* _WHAT YOU HAVE TO DO_: Print the lines in the listing below starting at the line with "BestMounts - 10" and ending at the line with "Bring festive cheer", both included. Reproduce them exactly and omit every picture.

* _SOURCE MATERIAL_:
+--

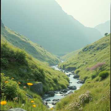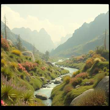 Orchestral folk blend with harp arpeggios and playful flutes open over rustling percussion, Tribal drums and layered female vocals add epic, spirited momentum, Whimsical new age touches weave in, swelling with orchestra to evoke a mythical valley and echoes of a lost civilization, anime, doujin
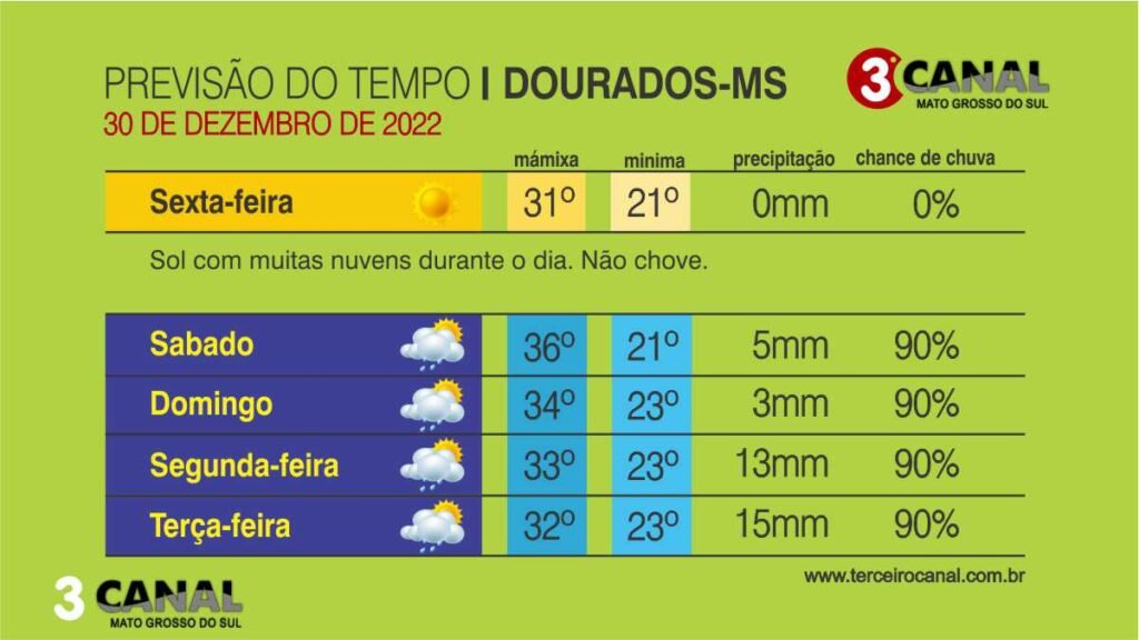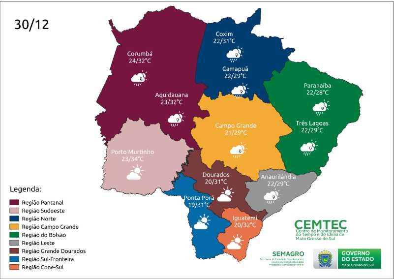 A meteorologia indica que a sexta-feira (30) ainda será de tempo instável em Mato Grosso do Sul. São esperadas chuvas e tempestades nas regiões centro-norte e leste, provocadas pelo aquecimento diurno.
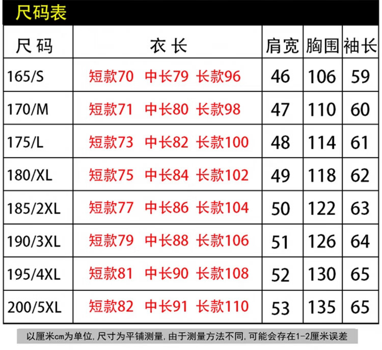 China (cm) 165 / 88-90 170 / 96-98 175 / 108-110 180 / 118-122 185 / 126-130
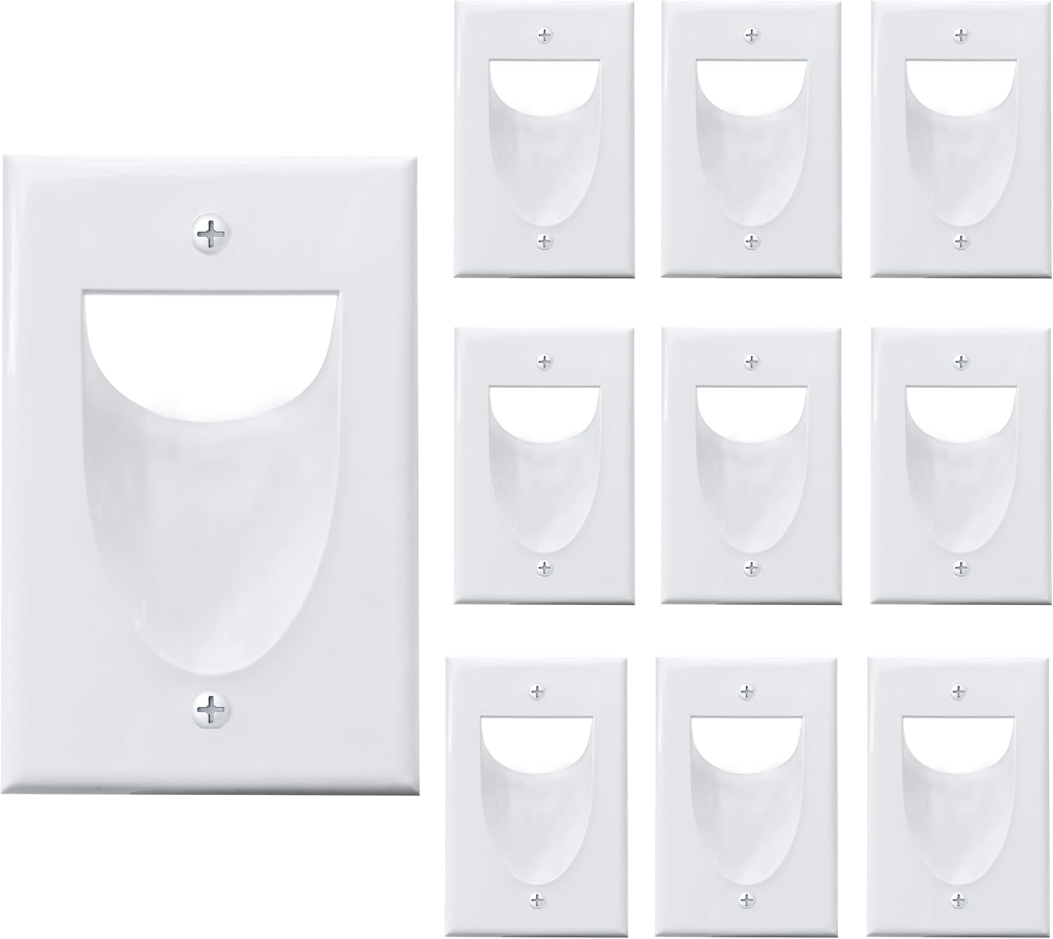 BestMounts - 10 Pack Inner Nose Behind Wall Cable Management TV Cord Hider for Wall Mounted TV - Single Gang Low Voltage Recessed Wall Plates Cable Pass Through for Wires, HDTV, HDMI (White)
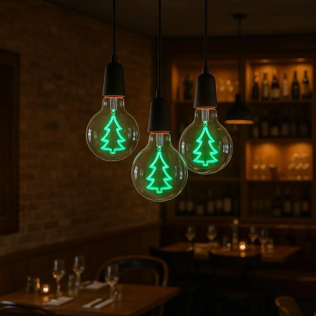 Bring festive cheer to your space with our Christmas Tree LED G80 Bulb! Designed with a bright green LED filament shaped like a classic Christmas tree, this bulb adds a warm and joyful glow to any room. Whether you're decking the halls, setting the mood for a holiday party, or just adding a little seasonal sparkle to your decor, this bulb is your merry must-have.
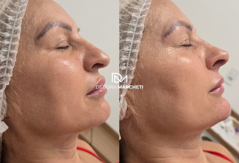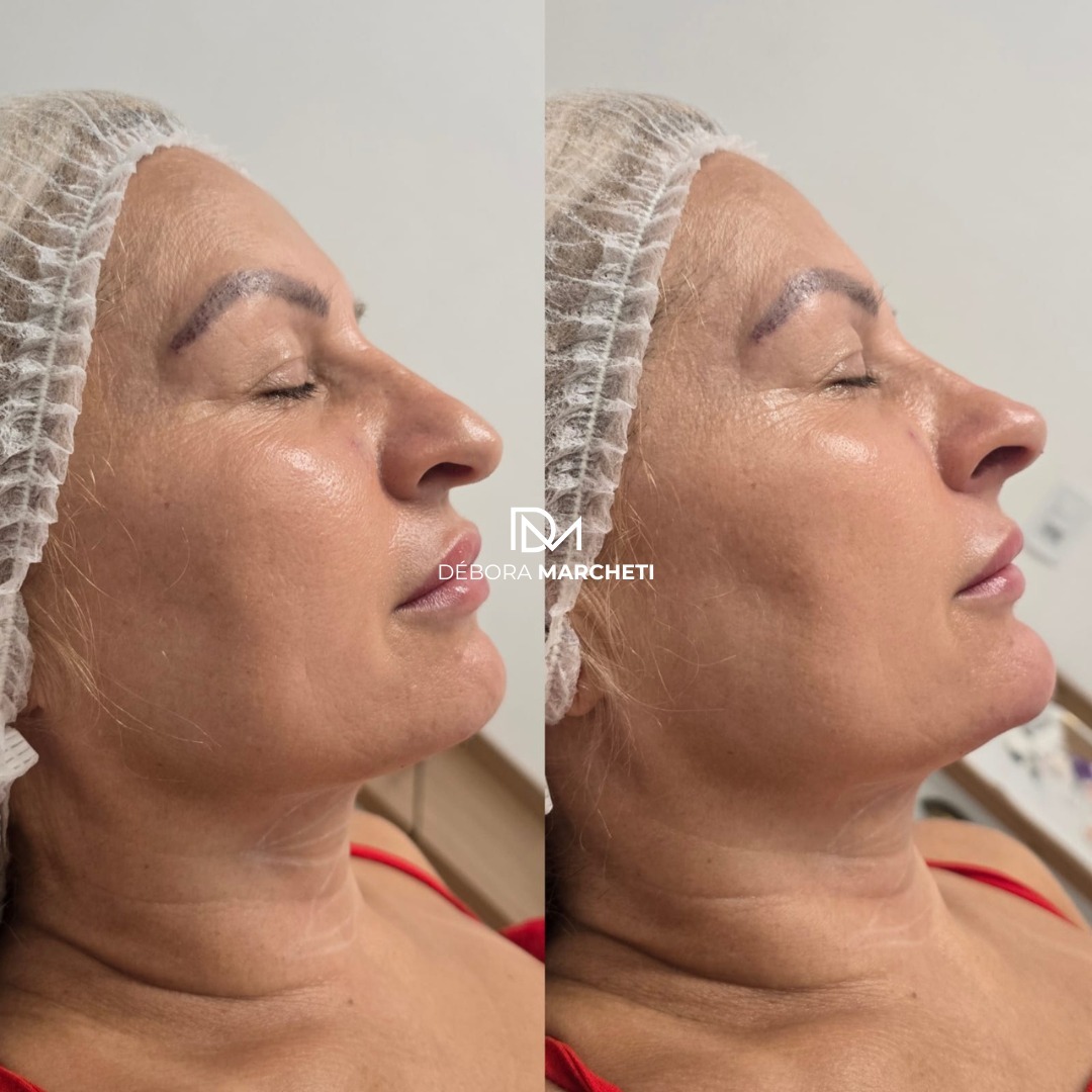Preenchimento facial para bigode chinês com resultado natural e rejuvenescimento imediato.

+--

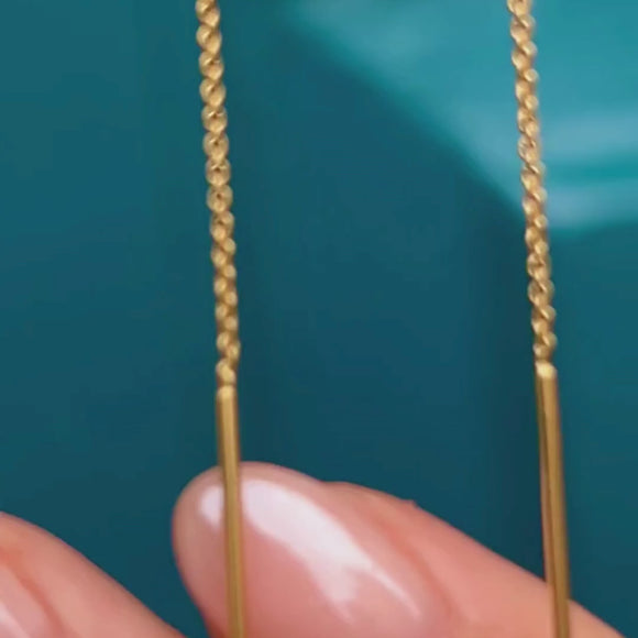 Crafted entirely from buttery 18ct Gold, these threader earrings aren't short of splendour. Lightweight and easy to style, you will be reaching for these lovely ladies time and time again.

+--

* _EXERCISE OUTPUT_:
 BestMounts - 10 Pack Inner Nose Behind Wall Cable Management TV Cord Hider for Wall Mounted TV - Single Gang Low Voltage Recessed Wall Plates Cable Pass Through for Wires, HDTV, HDMI (White)
 Bring festive cheer to your space with our Christmas Tree LED G80 Bulb! Designed with a bright green LED filament shaped like a classic Christmas tree, this bulb adds a warm and joyful glow to any room. Whether you're decking the halls, setting the mood for a holiday party, or just adding a little seasonal sparkle to your decor, this bulb is your merry must-have.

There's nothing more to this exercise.